¿Qué es el juego? ¿Cómo
definir esa pulsión que lleva a alguien a entregarse a una acción que sólo a él
complace, y cuya utilidad suele resultar, vista de lejos, muy poco clara?
¿Acaso muchas de las acciones de nuestra vida, incluso algunas de las que
suelen considerarse como más trascendentes, no están relacionadas con la
necesidad y la voluntad de jugar?
Jugar nos ayuda a
inventarnos un mundo al margen del mundo, un espacio donde somos protagonistas
y en el que no cuentan las leyes del afuera.

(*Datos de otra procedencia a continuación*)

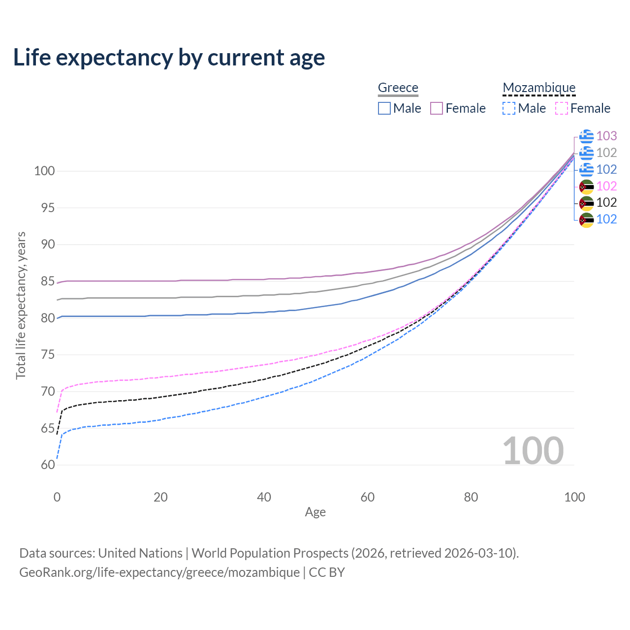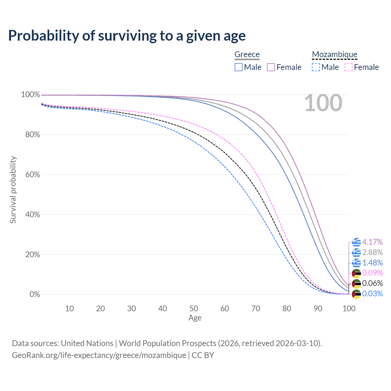 This life expectancy calculator shows the odds of living to 100, 95, 90, and below based on current age for both males and females in Greece and Mozambique, along with mean and median age of death. The calculations are based on the 2026 life tables (actuarial tables) from the UN World Population Prospects.

Las normas del juego son creadas
por cada jugador y sólo a él atañen. Eso sí, está absolutamente obligado a
obedecerlas. Todo juego dependerá
siempre de muy delicados equilibrios entre lo reglamentado y lo arbitrario,
entre la urgencia de una meta y la inmensa variedad de posibilidades que conduzcan
hacia ella. La lógica del juego es la razón de lo sorpresivo en medio de lo previsible,
la de lo azariento por entre lo descifrable. El juego es disfrutable en la
medida en que quien lo juega sepa aprovecharlo a plenitud: extrayendo de él sus
posibles opciones y aprendiendo de las peripecias vividas.
El final del juego
llegará cuando el jugador así lo decida, y solo entonces. En el juego se puede
ganar y, desde luego, se puede perder. Gana quien se entrega a él enriqueciéndose
con la duración de ese tiempo en el cual invirtió fe y entusiasmo. Pierde quien
no obedece las reglas que él mismo se impuso.
Si se juega a
conciencia, el juego puede llegar a convertirse en algo sagrado; y el jugador
llegar a dedicar su vida toda a esa pasión que lo nutre y rescata. Hay una
cercanía natural entre el juego y la creación artística. En ambos están
presentes la experimentación y la búsqueda, la apasionada entrega y las
particulares normas, los itinerarios imprevistos y las aleatorias duraciones,
las metas tortuosas y las conclusiones inesperadas. El tiempo del juego y el
tiempo del arte parecieran, además, bastarse a sí mismos. Son autosuficientes,
gobernados los dos por la voluntad de un jugador-artista enfrentado a sus
revelaciones y a sus fantasías, a sus recuerdos y a sus ilusiones, a sus
ambiciones y a sus aceptadas limitaciones.
Decidir
escribir, hacer literatura -un juego, claro está: el juego de las palabras- es un
interminable rompecabezas que exige la acertada reunión de saberes, memorias,
argumentos, ilusiones, temores, espejismos... Cada jugador decidirá su manera
de jugarlo: en placidez o apremio, en sosiego o angustia; decidirá, también, su
forma de entenderlo: como refugio o reto, como asidero o delirante aventura,
como concordia o refutación frente a casi todo, como reconciliador hallazgo o
búsqueda atormentada… Cualquier opción del juego es válida si el jugador
descubre en él la exacta tonalidad de su voz.
Al
igual que el juego de la vida, el de la literatura está hecho de opciones, de propósitos,
de esfuerzos, de ilusiones, de conclusiones, de reinicios... Todo convertido en
itinerario, en construcción, en estilo; en suma: plasticidad de las voces de un
ser humano que, junto a ellas, vive, se expresa… Y juega.